IDYLLIC GREEK CITY CONSUMED BY FIRE

The Terrible Tragedy of Salonica.

More Useless Fighting in the Alps;

A Singer Loses His Voice.

Special to The Great War Project.

(27 August) A true disaster hit the Salonica front (now Thessaloniki, Greece) in these days one hundred years ago.

A disastrous fire breaks out on August 18th – cause unclear – in the town of Salonica. Italian troops there joined Allied troops stationed there to try to put it out.

The great fire.

That proved beyond the capacity of the troops turned firefighters.

“Nearly half the city was burned down,” reports historian Martin Gilbert, “and 80,000 people were made homeless. The British base headquarters were destroyed.”

And, reports Gilbert, “as were almost all the stocks of quinine, needed to fight the scourge of the Salonica Front, the malarial mosquito.”

A munitions store filled with grenades had also blown up.

Aftermath of the Great Fire.

Salonica held many pleasures for the Allied troops passing through – reports one historian. “It was still possible to enjoy the natural beauty of the Gulf and to find some peace in the hills beyond the town.
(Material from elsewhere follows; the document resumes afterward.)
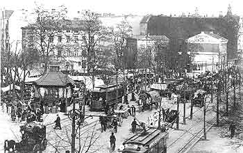 Die Umbau- und Erweiterungsmaßnahmen müssten unter Berücksichtigung des Denkmalschutzes geschehen. Die gegenwärtig durch Poller vor Überfahrung geschützten Oberlichter der Anlage sind statisch so ausgelegt, dass sie Sitzgruppen eines Restaurationsbetriebes aufnehmen könnten. Die Nutzung der platzseitigen Fläche vor dem Pavillion - gleichgültig ob saisonal oder ganzjährig - ermöglicht eine bessere Aufstellung der Marktstände und der immer zahlreicheren Verkaufsmobile während des Marktbetriebes. Durch eine geschickte Anordnung der Stände könnte hier eine Art freies Forum ausgespart werden, um das sich die Stände gruppieren sollten. Diese Überlegungen wären aber gemeinsam mit den Marktleuten zu erarbeiten. Auch in der marktfreien Zeit wäre dieses Forum attraktiv, weil die Pkw, nicht wie gegenwärtig direkt vor den Oberlichtern parken könnten, sondern weiter nördlich an der Niedstraße. Dieses Konzept spiegelt den gegenwärtigen Stand der Diskussion. Anregungen und Stellungnahmen seitens der Friedenauer Bürgerschaft und aller, die sich herausgefordert und angesprochen fühlen, sind weiterhin willkommen. Erst wenn ein tragfähiges und kostenmäßig erfasstes Projekt vorliegt, können wir gemeinsam mit Förderern aus Politik und Wirtschaft an die reale Umsetzung denken. Bis dahin werden wir durch vom Gemeinsinn geprägte Aktionen, wie sie die Renovierung des Rathauses, die Pflanzung der "Bürgerlinde" oder die Bemalung von Bewag-Kästen darstellen, weiter auf die Aufwertung des Rathausplatzes hinwirken. Peter Lemburg Bild: Der Lauterplatz um 1906 - heute Breslauer Platz, Quelle: Sammlung Hermann Ebling

But there were many high spirits who looked for something noisier. That had gone up in smoke.”

“For the rest of the campaign,” reports Gilbert, “Salonica remained a desolate place.” Almost half the city burned down, writes one witness, Australian Olive King. “It will take the best part of two weeks to put the fire out and the city will remain a sooty ruin for the rest of the war.”

“The Salonica that existed before the war will never be rebuilt.”
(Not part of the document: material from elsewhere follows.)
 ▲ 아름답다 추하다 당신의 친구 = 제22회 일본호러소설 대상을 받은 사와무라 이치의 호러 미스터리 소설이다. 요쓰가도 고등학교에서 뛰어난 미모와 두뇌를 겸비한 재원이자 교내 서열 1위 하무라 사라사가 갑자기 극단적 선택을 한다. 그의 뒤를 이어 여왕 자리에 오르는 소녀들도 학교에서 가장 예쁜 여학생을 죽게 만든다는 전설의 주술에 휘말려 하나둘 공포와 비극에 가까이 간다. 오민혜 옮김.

The Salonica explosion coincided with the opening of another Italian offensive in the Balkan mountains, fought over by the Italians and the Austrians. And again, after several offensives in the Alps, it looked like the Italians held the upper hand.

“Since the launching of their new attack,” reports Gilbert, “the Italians had captured five mountain peaks and taken more than 20,000 Austrians and some German prisoners. Among those brought into British nurse Helen D’Abernon’s casualty clearing station was a tenor from the Hanover Opera House.”

She writes: “His poor face was concealed by a sanguinary mass of bandages. It was only possible to give nourishment by means of an india-rubber tube passed underneath.”

“It seemed as though gangrene has already set in, yet he wrote down an anxious enquiry as to whether we thought he would ever be able to sing again.”

Around the same time, she wrote in her diary, “The stream of sick and wounded has swollen to a flood.” At this moment a century ago, some 4,000 Austrians had passed through, “on their way to being interned behind barbed wire.”

Italian troops in the Alpine trenches.

But she writes: “they seemed in good spirits and were laughing and singing in snatches. Internment, a serious deprivation of liberty in peacetime, meant life in wartime.”

Reports historian Gilbert, “The Austrians withdrew to a new line. Italy had gained six miles of mountainous terrain. But there was a dark side also for the Italians. A growing number of desertions, estimated at more than 5000 earlier in the summer and a further 5,000 in August.

On the Western Front at this moment, the British faced terrible losses. For gaining a mere 880 yards, they faced the total casualty figure of more than 60,000 in three weeks.

Writes historian Gilbert, “For the British it was a terrifying heavy toll. For the Germans, who had once more beaten back a sustained and numerically massive attack, it was a triumph.”